El 16 de octubre de 1998 Augusto Pinochet fue arrestado en Londres tras una orden emitida desde España por el juez Baltasar Garzón, iniciándose un largo litigio jurídico y político acerca de si era válido que fuera juzgado fuera del país, por los crímenes de lesa humanidad y terrorismo internacional que cometió la dictadura bajo sus órdenes directas, durante 17 años, oprimiendo brutalmente a Chile.
El lugar donde quedó recluido fue la "London Clinic", establecimiento en que fue internado por un tratamiento médico que requería hospitalización, pero sin representar riesgo vital para el otrora poderoso y sanguinario dictador chileno.
En el país partió un duro debate, la derecha enfurecida por el arresto de quien fuera su principal benefactor económico durante casi dos décadas, saltó a la palestra con un falso discurso de defensa de la soberanía nacional, diciendo que Chile debía hacer uso de todo su prestigio internacional, restablecido gracias al retorno de la democracia, para lograr el regreso del exdictador que negara y pisoteara los derechos humanos y destruyera el Estado de derecho.
La presión y amenazas que las fuerzas reaccionarias ejercieron sobre el gobierno democrático fueron tremendas. Una sostenida campaña mediática se levantó e intensificó durante meses para hacer creer al país que la defensa del criminal detenido en Londres era también expresión del interés nacional.
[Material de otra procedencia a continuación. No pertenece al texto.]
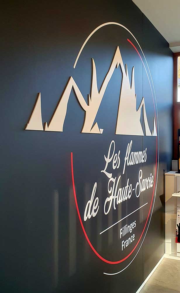 Fourniture et installation d’un logo XXL combinant décors adhésifs en teinte masse et éléments en Forex 3mm pour un effet en relief, réalisé pour les Flammes de Haute-Savoie. Décors conçus par notre partenaire graphique OAK-Webdesign.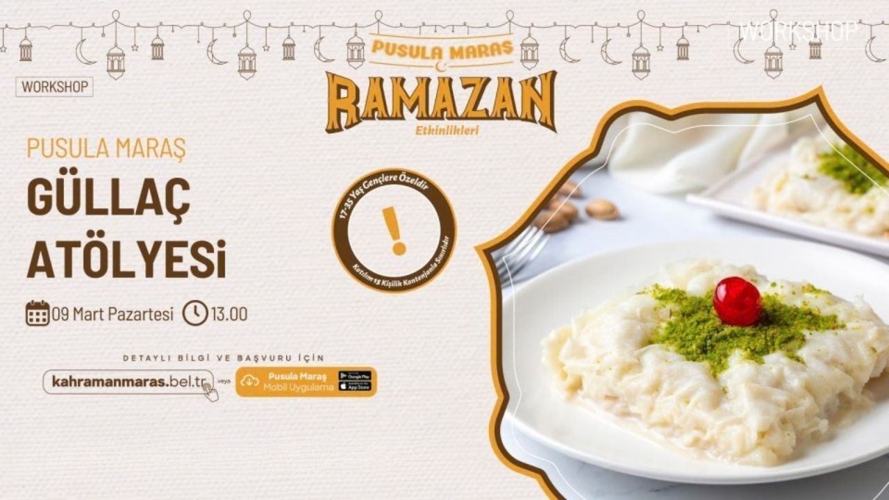 Kahramanmaraş Büyükşehir Belediyesinin gençlik markası Pusula Maraş, Ramazan ayının manevi atmosferini gençlerle buluşturacak yeni bir etkinliğe daha imza atıyor. Ramazan’a özel olarak geleneksel lezzetlerin yaşatılmasına yönelik atölye çalışmaları kapsamında bu kez de “Güllaç Yapım Atölyesi” gerçekleştiriyor. Gençlerin hem kültürel mirasla tanışmasını hem de sosyal etkinlikler aracılığıyla bir araya gelmesini amaçlayan Pusula Maraş, “Güllaç Yapım Atölyesi” ile katılımcılara keyifli ve öğretici bir deneyim sunacak. Ramazan sofralarının vazgeçilmez tatlılarından biri olan güllacın yapım aşamalarının uygulamalı olarak anlatılacağı etkinlik 9 Mart Pazartesi günü saat 13.00’da KAMEK binasında gerçekleştirilecek. Etkinlikte yaklaşık 600 yıllık bir geçmişe sahip güllaç tatlısının doğru yapım teknikleri hakkında bilgiler verilecek.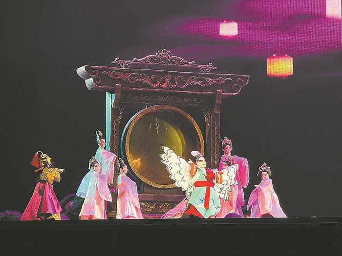 《一鹤“飞”》是晋江市掌中木偶艺术保护传承中心出品的大型新编传奇木偶剧。舞台上,一个个人偶轻盈跃出,腾空旋转,跳圈吐火……在观众的欢呼和掌声中,一出用喜剧口吻讲述的悲剧逐渐展开——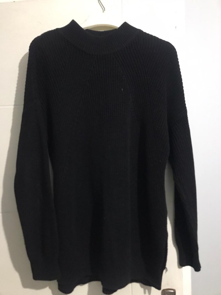 Siyah renkli, yüksek yakalı, uzun kollu örgü kadın kazak. Salaş kesimi ve midi boyuyla günlük kullanıma uygun, rahat ve gotik tarzda.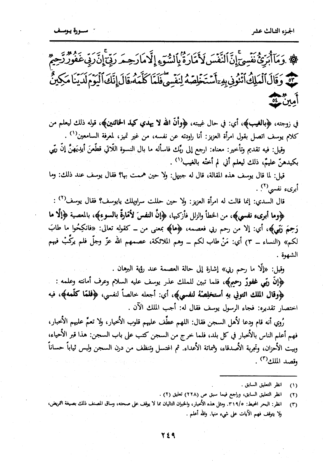 {وَمَا أُبَرِّئُ نَفْسِي} مِنَ الْخَطَإِ وَالزَّلَلِ فَأُزَكِّيهَا، {إِنَّ النَّفْسَ لَأَمَّارَةٌ بِالسُّوءِ} بِالْمَعْصِيَةِ {إِلَّا مَا رَحِمَ رَبِّي} أَيْ: إِلَّا مَنْ رَحِمَ رَبِّي فَعَصَمَهُ، " مَا " بِمَعْنَى مِنْ -كَقَوْلِهِ تَعَالَى: {فَانْكِحُوا مَا طَابَ لَكُمْ} (النِّسَاءِ -3) أَيْ: مَنْ طَابَ لَكُمْ-وَهُمُ الْمَلَائِكَةُ، عَصَمَهُمُ اللَّهُ عَزَّ وَجَلَّ فَلَمْ يُرَكِّبْ فِيهِمُ الشَّهْوَةَ.

Las organizaciones de derechos humanos se movilizaron ante la campaña que decía que Pinochet sería juzgado en Chile, denunciando el chantaje de fuerzas que, en ese período, lo impedirían. Asimismo, los partidos y personalidades democráticas y de izquierda apoyamos el valor universal de la justicia y de los DD.HH., que no pueden supeditarse al designio de implacables tiranos, dispuestos a cualquier crimen, abuso o masacre para perpetuarse en el poder.
Sin embargo, en medio del iracundo chantaje de sectores extremistas de derecha, la autoridad democrática pidió el regreso del exdictador; a pesar de ello, en los primeros alegatos en la Corte en Londres la defensa pinochetista fue derrotada.
Entonces, algunos incondicionales de Pinochet se desesperaron. No tenían como propiciar un nuevo golpe de Estado, pero llegaron al delirio de plantear una operación "comando" del Ejército para "rescatarlo". Incitaban a semejante aventura porque no eran ellos los que pagarían con cárcel o con su vida semejante locura.
A la postre, casi un año y medio después de ásperos debates, el entonces ministro del Interior del Reino Unido, Jack Straw, firmó el decreto que facilitó el retorno de Pinochet, la razón que se dio fue el supuesto delicado estado de salud del exdictador.
A su llegada, saliendo del avión, ridiculizó al gobierno democrático y desmintió la ficción que venía en graves condiciones físicas, se levantó de la silla de ruedas en que lo trasladaban junto al comandante en Jefe del Ejército y saludo jactancioso al grupo que lo aplaudía en el aeropuerto internacional de Santiago. Fue una burla grotesca. También una vergüenza para Chile ante el mundo.
Poco después, Pinochet para eludir la acción de la Justicia, consiguió ser diagnosticado "demente". Quien iba a tragarse aquello, pero la derecha aplaudió la maniobra, tan falsa como cobarde, sin poder ocultar que llegaba el ocaso definitivo del exdictador.
Ahora bien, no era primera vez que cuidaba el pellejo como lo esencial. Traicionó al Presidente que lo designó, ordenó ejecuciones feroces como las de La Caravana de la Muerte, y el asesinato, desaparición y/o tortura de miles de compatriotas teniendo la puerta de escape al alcance de la mano. Así fue desde el mismo 11 de septiembre, cuando introdujo su familia en la Escuela de Alta Montaña del Ejército para huir a Argentina en caso que el golpe de Estado fracasara.
Quedó claro quien fue Pinochet: un terrorista de Estado impune, culpable de innumerables crímenes que lo hicieron despreciable por la comunidad internacional. Un fardo moral que no merecía el desgaste de la autoridad democrática para traerlo de vuelta a Chile.